Marie d'Évreux (1303 – October 31, 1335) was the eldest child of Louis d'Évreux and his wife Margaret of Artois. She was a member of the House of Capet.

She was Duchess of Brabant by her marriage to John III, Duke of Brabant. Her paternal grandmother being Marie of Brabant, she was a great-granddaughter of Henry III, Duke of Brabant and so, her husband's second cousin.
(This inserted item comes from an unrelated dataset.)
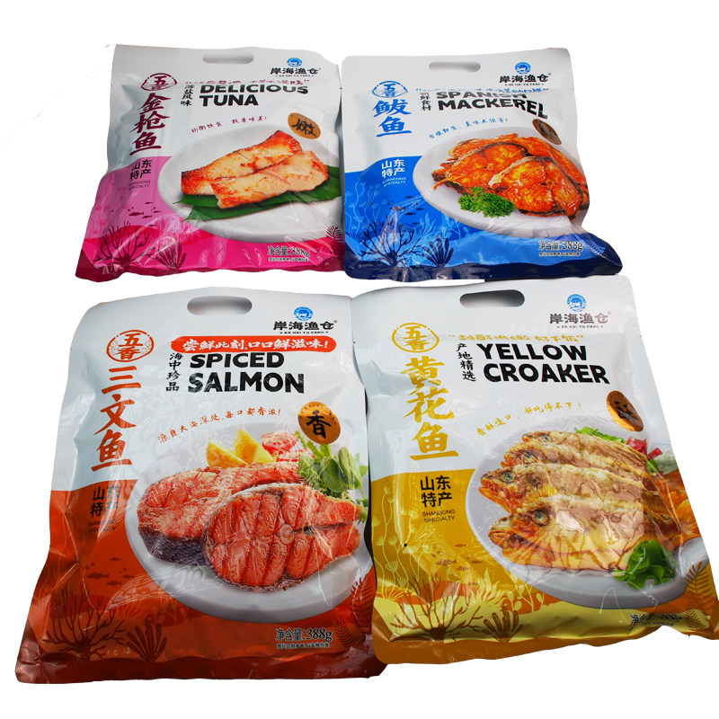 岸海渔仓即食五香鱼金枪鱼黄花鱼三文鱼鲅鱼香辣海带烟台特产零食

Marie was the eldest of five children born to her parents. Marie's younger siblings included: Charles d'Évreux; Lord of Étampes, Philip III of Navarre; husband of Joan II of Navarre, and Jeanne d'Évreux; Queen of France by her marriage to Charles IV of France.

Marriage 
In 1311, Marie married John III, Duke of Brabant as his father's gesture of rapprochement with France.
They had six children:
 Joanna, Duchess of Brabant (1322–1406)
 Margaret of Brabant (February 9, 1323 – 1368), married at Saint-Quentin on June 6, 1347 Louis II of Flanders
 Marie of Brabant (1325 – March 1, 1399), Lady of Turnhout, married at Tervuren on July 1, 1347 Reginald III of Guelders
 John (1327–1335/36)
 Henri (d. October 29, 1349)
 Godfrey (d. aft. February 3, 1352)

Marie's daughter Joanna was the first woman to be Duchess of Brabant in her own right.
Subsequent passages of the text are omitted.